More info for the terms: perfect, shrub, shrubs, tree

Tree sparkleberry grows as a large, much-branched, upright shrub or
small tree [13,34,48]. Individuals may grow as tall plants with rounded
crowns, or as flat-topped shrubs with crooked branches [38]. Shrubby
plants commonly reach only 7 to 10 feet (2-3 m) in height [38,45].
However, on favorable sites, plants may grow to 33 feet (10 m) with a
d.b.h. of up to 14 inches (35 cm) [38,45]. Record trees have been
measured at 64 feet (19 m) in height with circumferences of up to 116
inches (45.9 cm) [25]. Tree sparkleberry is the only member of the
Vaccinium genus to reach tree size [22]. Shrubby plants commonly form
loose thickets [38].

The outer bark is gray to grayish-brown, thin, and smooth, with narrow
ridges [48]. The slender, rigid twigs are reddish-brown to
reddish-green or gray, and glaucous, glabrous, or glandular-pubescent
[38,44,45]. Stem morphology has been reported in detail [32]. Leaves
of tree sparkleberry are variable in size, shape, and persistence [38].

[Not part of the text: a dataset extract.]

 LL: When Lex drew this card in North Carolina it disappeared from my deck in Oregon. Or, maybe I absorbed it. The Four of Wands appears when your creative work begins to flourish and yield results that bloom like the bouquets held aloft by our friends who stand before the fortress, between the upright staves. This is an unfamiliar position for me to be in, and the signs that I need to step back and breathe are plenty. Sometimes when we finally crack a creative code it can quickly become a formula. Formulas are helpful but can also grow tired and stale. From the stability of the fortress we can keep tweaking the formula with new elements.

Plants tend to be deciduous in the north but evergreen in the southern
part of the species' range [13,48]. The simple, alternate leaves are
coriaceous, glabrous, and lustrous above [38,45]. The lower surface is
glaucous, duller green, and often glandular-pubescent [45,48]. Leaves
are obovate to elliptic, approximately 1 to 3 inches (3-8 cm) in length
with entire or obscurely denticulate margins [44,48].

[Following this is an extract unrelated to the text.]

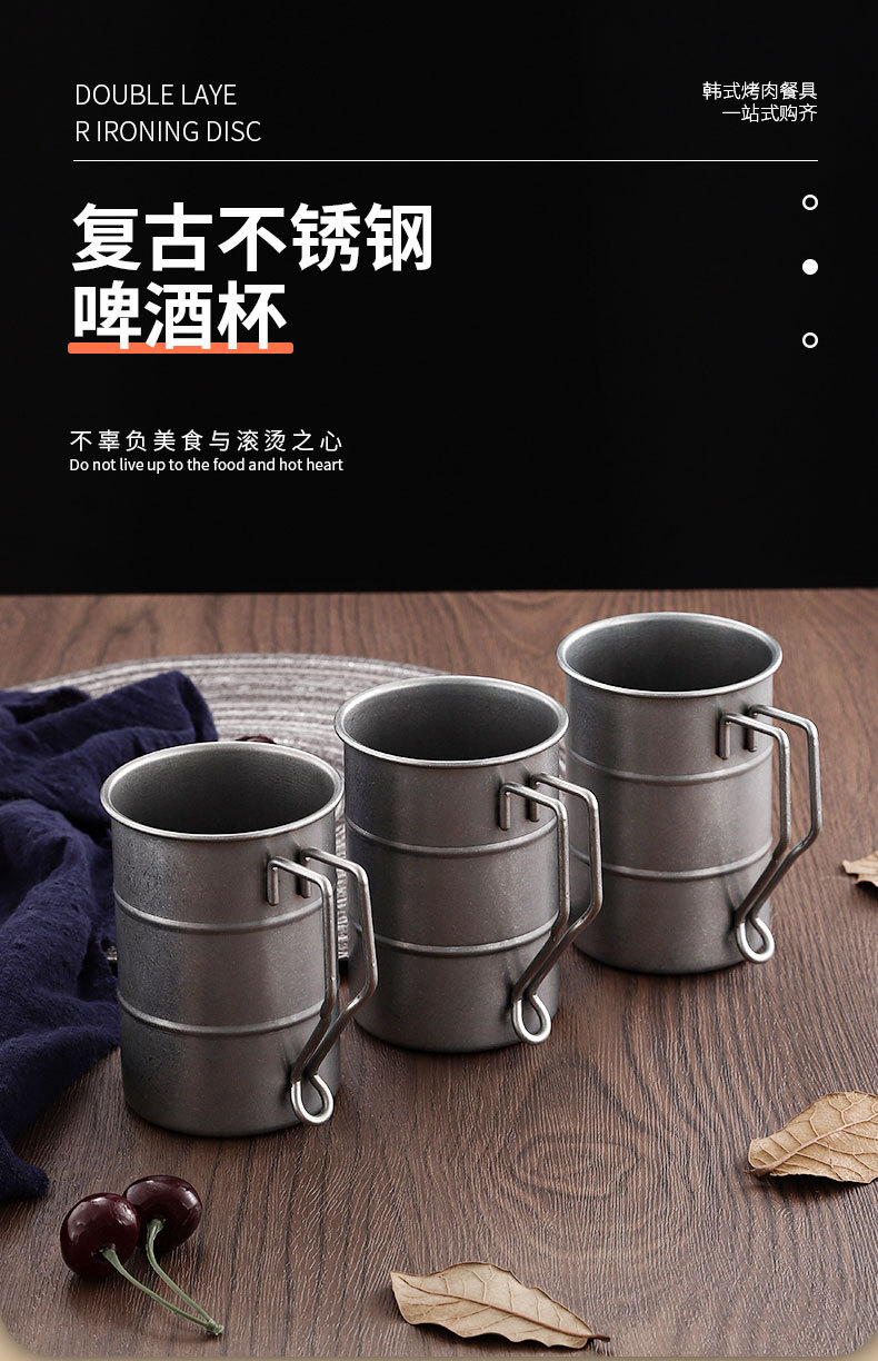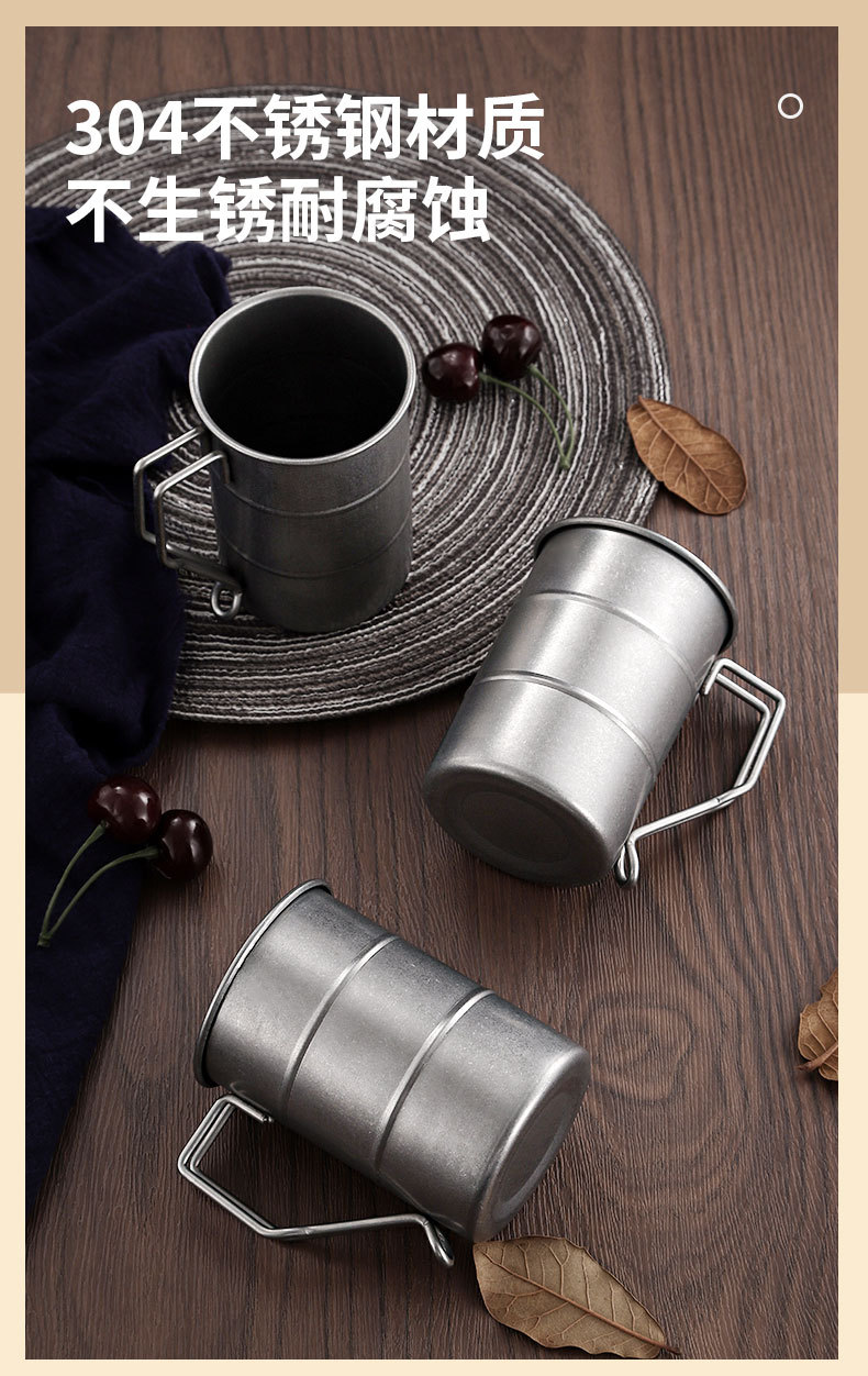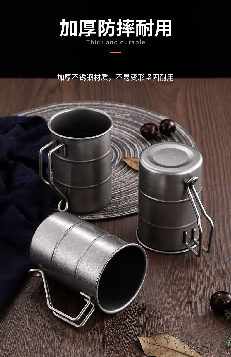 빈티지 산업 스타일 맥주 컵 304 스테인레스 스틸 머그잔 커피 물 컵 고민 야외 캠핑 나무 배럴 컵

The showy, white to pinkish flowers of tree sparkleberry grow in
abundance [44,48]. The perfect flowers are borne in leafy-bracted
racemes or panicles that average 0.8 to 2.7 inches (2-7 cm) in length
[13,48]. Inflorescences typically occur on second year growth [34].

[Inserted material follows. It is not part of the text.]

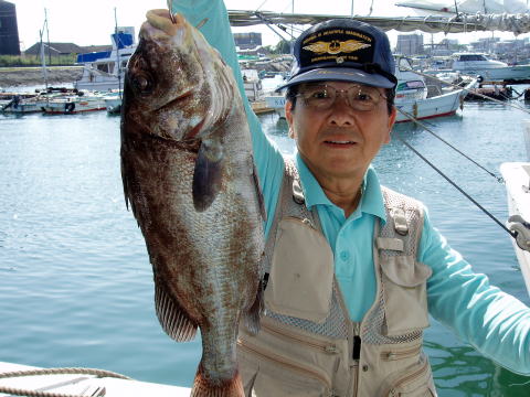 雨が降るからキャンセルしたいとの事で1人キャンセル が出ましたが、予定通り格安真鯛出船しました。 今日のお客様は中島様、無津呂様と可愛いお孫さん の小人数で出船です。 前半はいつもと違ってヒラメと 真鯛両方狙えるポイントから攻めてみました。しかし ヒラメの活性なし・・・ あきらめて真鯛のポイントに移動 〜 中島様も無津呂様も良くシャクッてます^^ その調子ですよ〜 頑張ってシャクっただけ釣果は出ま すよ〜 小型ばかりだったので新規のポイントを狙った ら刺身サイズの真鯛が連ちゃんで2匹GET! ここのポイント明日も狙ってみよう・・・ 今日は出船から港着まで一滴の雨も降らず雨どころか 途中で青い空まで見えてきました。 気持ちが良い風も吹いてホント今日は涼しくて最高の 釣り日和でした。 しかし今回はグチの活性大でした・・・ 真鯛はお土産としては十分だと思います^^ 中島様、無津呂様今日はキャンセル無しの乗船、誠に ありがとうございました。 お疲れ様でした。 真鯛・・・1,3kg頭に19匹。 アラカブ・・・1匹。 シログチ・・・24匹。 |

Palser [33] has examined floral morphology in detail. Fruit is a black,
lustrous, globose berry 0.2 to 0.4 inch (5-9 mm) in diameter [34,45,48].
Berries are sweet but dry, hard, and mealy [2,48]. The fruit typically
persists well into the winter months [44,48]. Each berry contains 8 to
10 stony, shiny, black to golden-brown seeds [2,38,48,52]. The
variously-shaped, deeply pitted seeds average 0.08 inch (2 mm) in length
[45,48].

The variety glaucescens is distinguished by a larger inflorescence and
glaucescent leaves [48].
  • 13. Great Plains Flora Association. 1986. Flora of the Great Plains. Lawrence, KS: University Press of Kansas. 1392 p. [1603]
  • 48. Vines, Robert A. 1960. Trees, shrubs, and woody vines of the Southwest. Austin, TX: University of Texas Press. 1104 p. [7707]
  • 22. Little, Elbert L., Jr. 1979. Checklist of United States trees (native and naturalized). Agric. Handb. 541. Washington, DC: U.S. Department of Agriculture, Forest Service. 375 p. [2952]
  • 2. Ballinger, W. E.; Maness, E. P.; Ballington, J. R. 1982. Anthocyanins in ripe fruit of the sparkleberry, Vaccinium arboreum Marsh. Canadian Journal of Plant Science. 62(3): 683-687. [9189]
  • 25. May, Dennis M. 1990. Big trees of the midsouth forest survey. Res. Note SO-359. New Orleans, LA: U.S. Department of Agriculture, Forest Service, Southern Forest Experiment Station. 17 p. [10556]
  • 32. Odell, A. E.; Vander Kloet, S. P.; Newell, R. E. 1989. Stem anatomy of Vaccinium section Cyanococcus and related taxa. Canadian Journal of Botany. 67(8): 2328-2334. [8944]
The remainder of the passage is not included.